=== Your objective ===
Transcribe, exactly and without pictures, the lines below from the line with "Celebrate the festive" to the line with "It all started", both ends included, and no others.

=== The records ===

┏━━

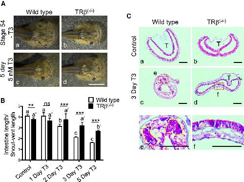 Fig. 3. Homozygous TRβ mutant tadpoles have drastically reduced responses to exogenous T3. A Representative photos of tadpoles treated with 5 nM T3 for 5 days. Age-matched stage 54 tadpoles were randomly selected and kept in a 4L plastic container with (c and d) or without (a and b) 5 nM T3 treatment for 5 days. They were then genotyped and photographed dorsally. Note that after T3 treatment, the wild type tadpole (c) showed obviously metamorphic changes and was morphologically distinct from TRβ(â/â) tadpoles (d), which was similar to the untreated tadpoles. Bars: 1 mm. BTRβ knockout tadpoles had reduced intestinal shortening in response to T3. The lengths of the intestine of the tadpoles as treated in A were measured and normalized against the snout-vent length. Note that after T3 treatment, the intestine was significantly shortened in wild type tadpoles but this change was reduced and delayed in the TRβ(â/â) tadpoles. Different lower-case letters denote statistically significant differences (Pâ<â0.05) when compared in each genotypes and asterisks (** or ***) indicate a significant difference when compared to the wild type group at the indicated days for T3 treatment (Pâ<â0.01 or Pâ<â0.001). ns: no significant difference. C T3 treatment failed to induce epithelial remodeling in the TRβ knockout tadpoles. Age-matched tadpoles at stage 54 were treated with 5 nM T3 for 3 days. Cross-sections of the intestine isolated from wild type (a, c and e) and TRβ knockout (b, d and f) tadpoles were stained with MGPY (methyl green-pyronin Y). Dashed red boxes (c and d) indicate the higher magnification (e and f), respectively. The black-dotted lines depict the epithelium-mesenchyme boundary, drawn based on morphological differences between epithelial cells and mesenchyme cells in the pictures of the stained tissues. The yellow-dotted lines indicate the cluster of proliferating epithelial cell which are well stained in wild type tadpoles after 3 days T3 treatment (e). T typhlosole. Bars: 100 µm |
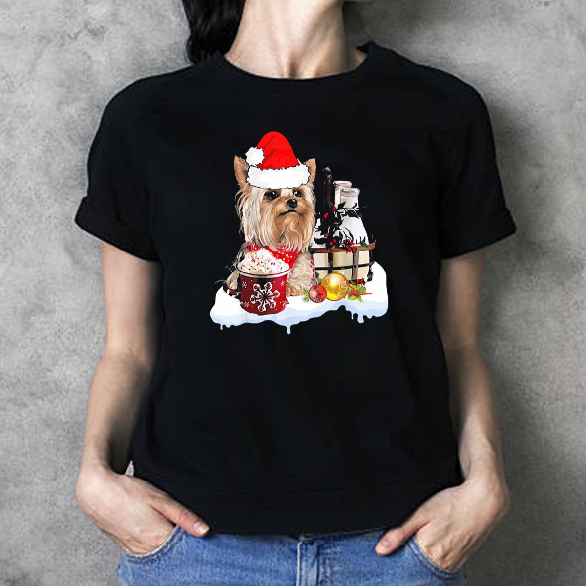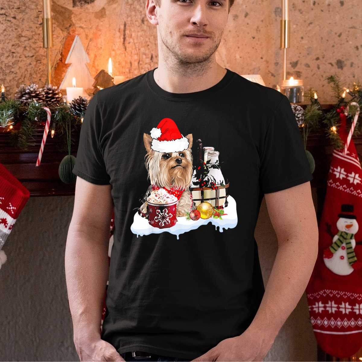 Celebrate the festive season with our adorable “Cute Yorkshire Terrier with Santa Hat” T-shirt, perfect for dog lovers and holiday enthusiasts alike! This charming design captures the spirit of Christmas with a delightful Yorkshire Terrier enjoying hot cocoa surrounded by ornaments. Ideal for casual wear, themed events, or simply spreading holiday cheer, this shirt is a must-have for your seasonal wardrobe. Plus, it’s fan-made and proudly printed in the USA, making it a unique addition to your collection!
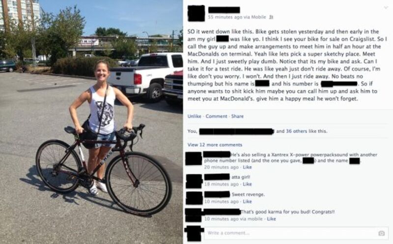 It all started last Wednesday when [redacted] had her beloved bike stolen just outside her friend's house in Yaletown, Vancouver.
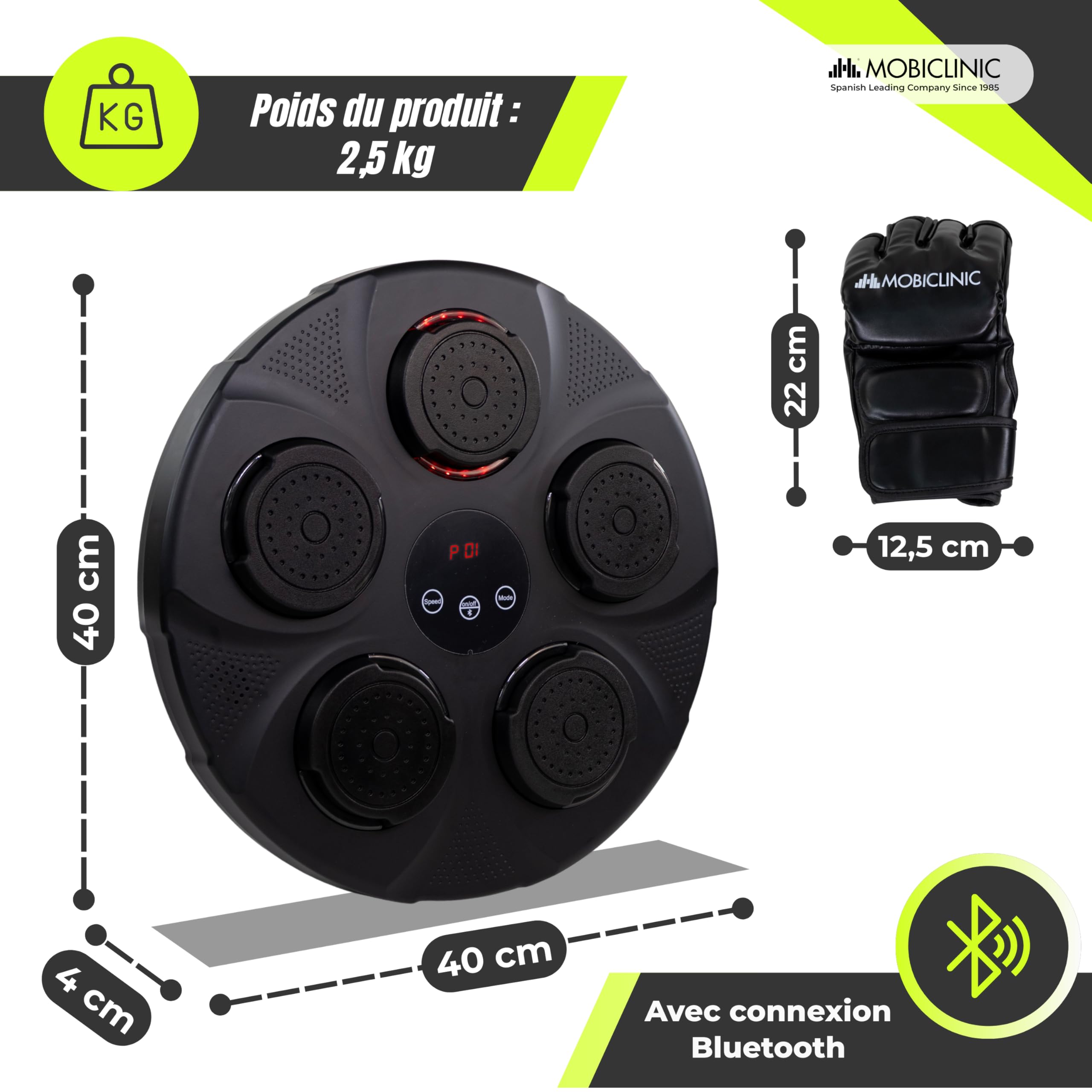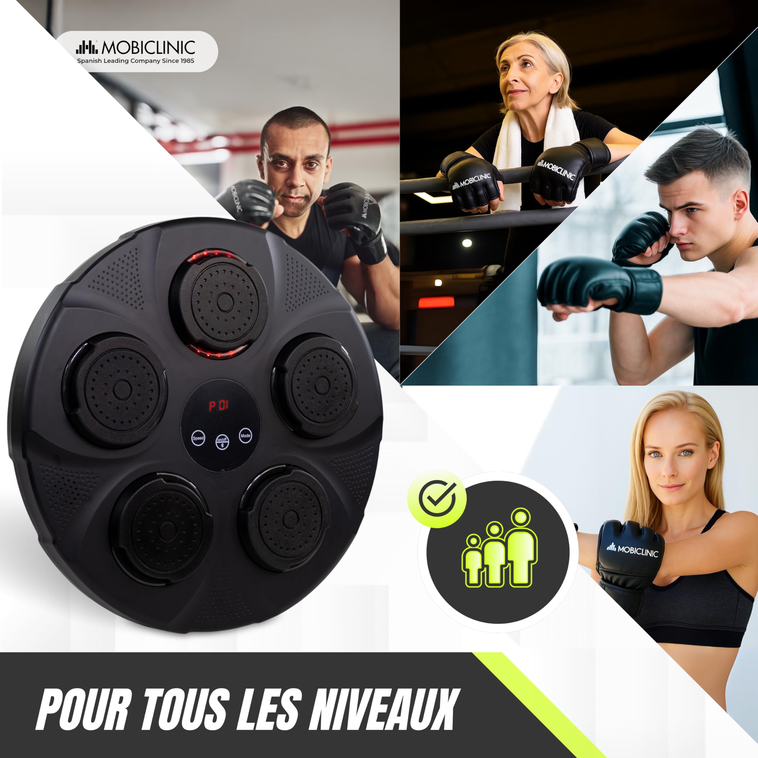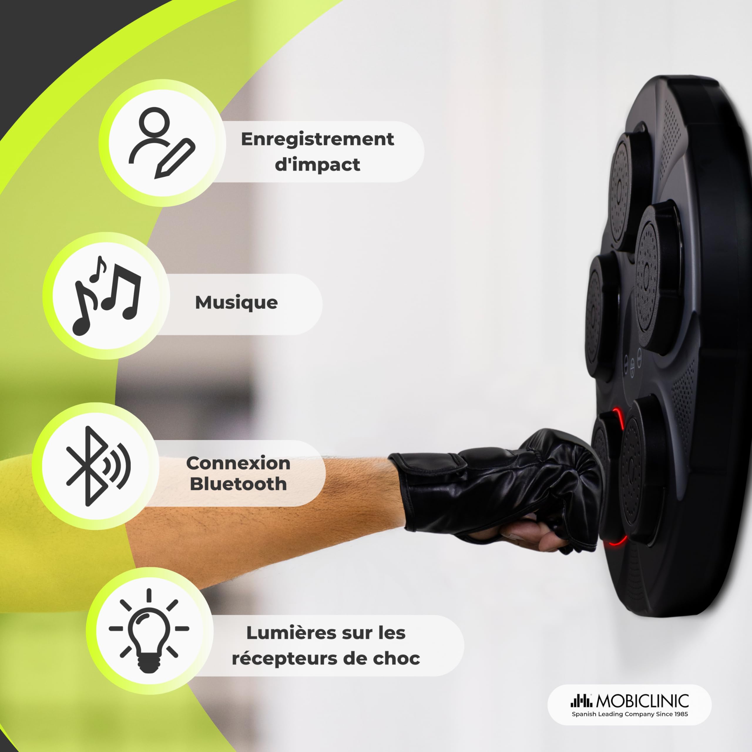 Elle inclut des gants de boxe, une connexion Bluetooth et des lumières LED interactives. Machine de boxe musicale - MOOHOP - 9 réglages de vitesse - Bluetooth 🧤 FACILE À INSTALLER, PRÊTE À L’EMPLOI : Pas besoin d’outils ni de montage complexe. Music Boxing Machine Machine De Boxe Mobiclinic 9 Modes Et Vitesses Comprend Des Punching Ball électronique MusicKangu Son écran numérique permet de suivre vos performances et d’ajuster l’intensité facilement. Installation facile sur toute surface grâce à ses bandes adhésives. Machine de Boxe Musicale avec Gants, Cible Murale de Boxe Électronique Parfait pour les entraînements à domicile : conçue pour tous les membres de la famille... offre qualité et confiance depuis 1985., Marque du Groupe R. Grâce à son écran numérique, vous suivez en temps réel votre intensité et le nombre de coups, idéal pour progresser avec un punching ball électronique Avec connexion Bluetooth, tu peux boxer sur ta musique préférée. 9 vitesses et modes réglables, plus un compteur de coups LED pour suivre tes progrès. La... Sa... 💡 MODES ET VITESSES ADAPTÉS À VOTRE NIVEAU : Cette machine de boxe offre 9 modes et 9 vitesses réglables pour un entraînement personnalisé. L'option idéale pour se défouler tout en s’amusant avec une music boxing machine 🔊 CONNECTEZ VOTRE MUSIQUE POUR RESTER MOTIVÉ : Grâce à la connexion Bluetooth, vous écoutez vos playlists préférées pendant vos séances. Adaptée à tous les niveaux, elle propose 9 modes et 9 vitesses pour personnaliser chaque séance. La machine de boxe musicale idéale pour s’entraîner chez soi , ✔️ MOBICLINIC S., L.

┗━━
┏━━

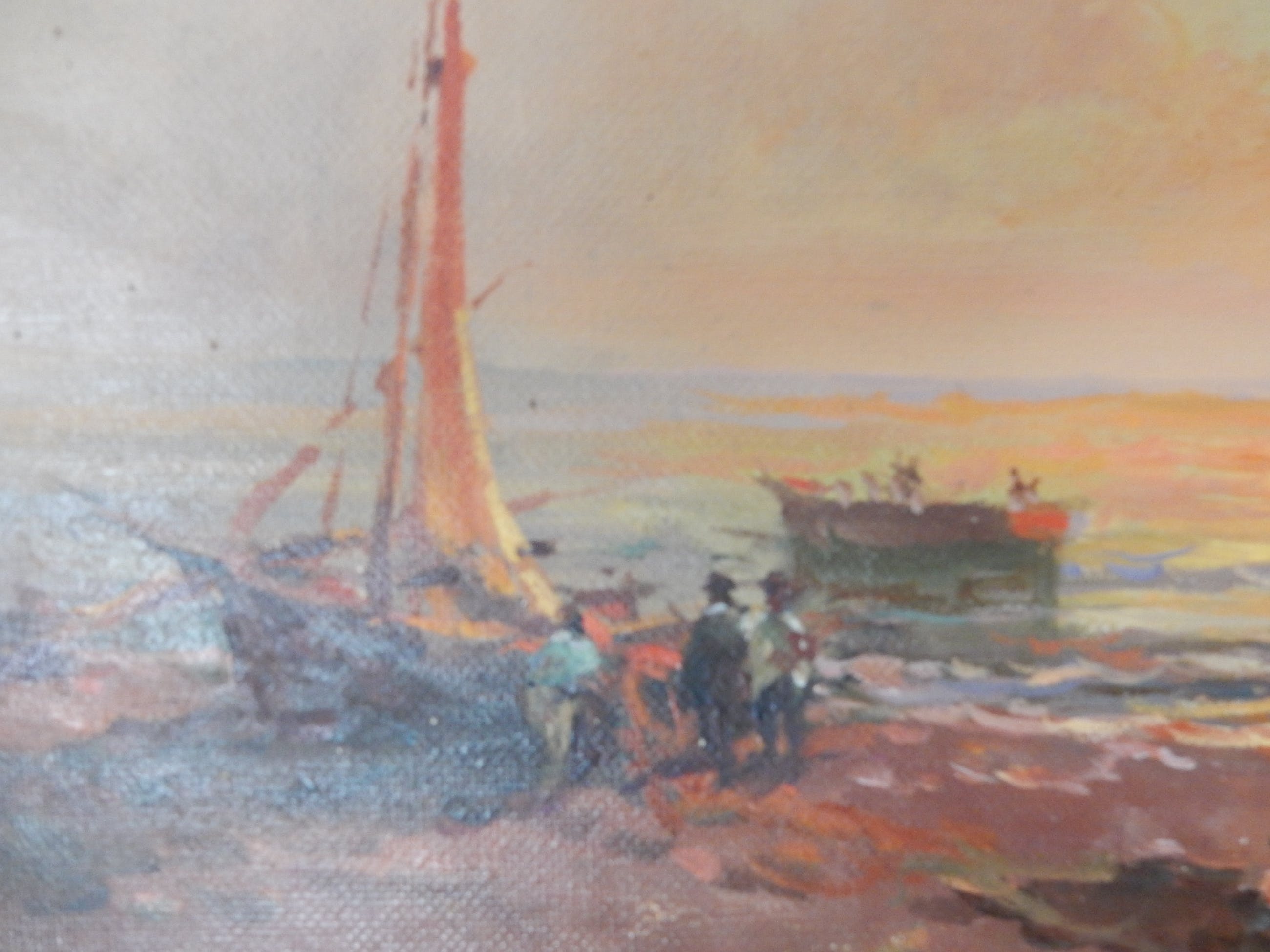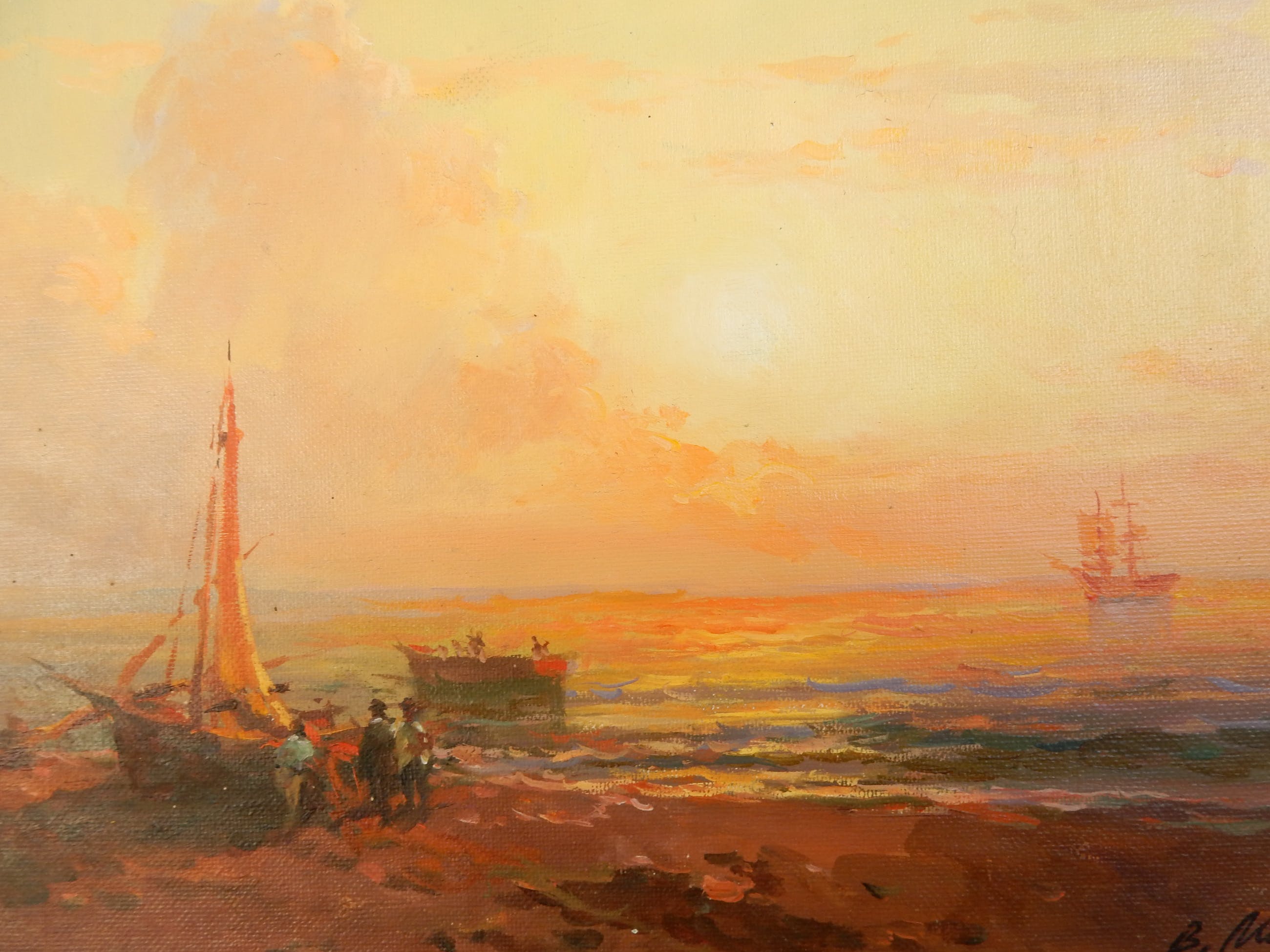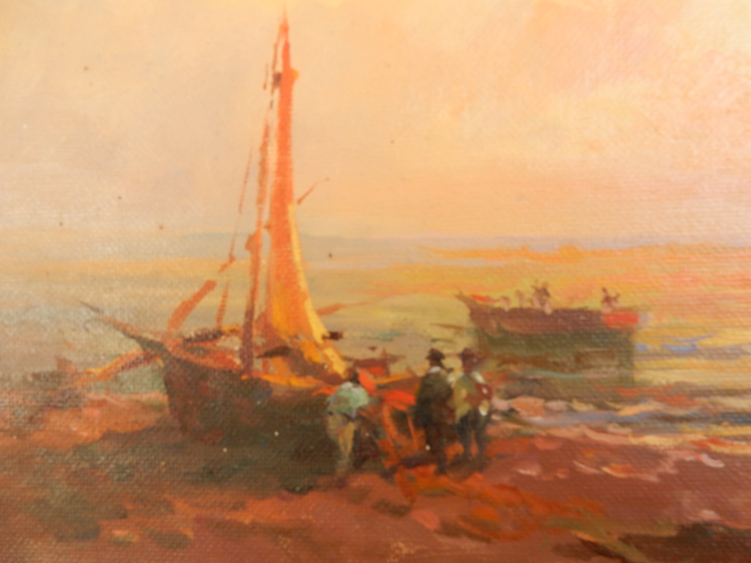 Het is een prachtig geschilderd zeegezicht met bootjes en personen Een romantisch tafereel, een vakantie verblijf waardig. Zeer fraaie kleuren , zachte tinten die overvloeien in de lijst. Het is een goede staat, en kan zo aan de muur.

┗━━

=== Result ===
 Celebrate the festive season with our adorable “Cute Yorkshire Terrier with Santa Hat” T-shirt, perfect for dog lovers and holiday enthusiasts alike! This charming design captures the spirit of Christmas with a delightful Yorkshire Terrier enjoying hot cocoa surrounded by ornaments. Ideal for casual wear, themed events, or simply spreading holiday cheer, this shirt is a must-have for your seasonal wardrobe. Plus, it’s fan-made and proudly printed in the USA, making it a unique addition to your collection!
 It all started last Wednesday when [redacted] had her beloved bike stolen just outside her friend's house in Yaletown, Vancouver.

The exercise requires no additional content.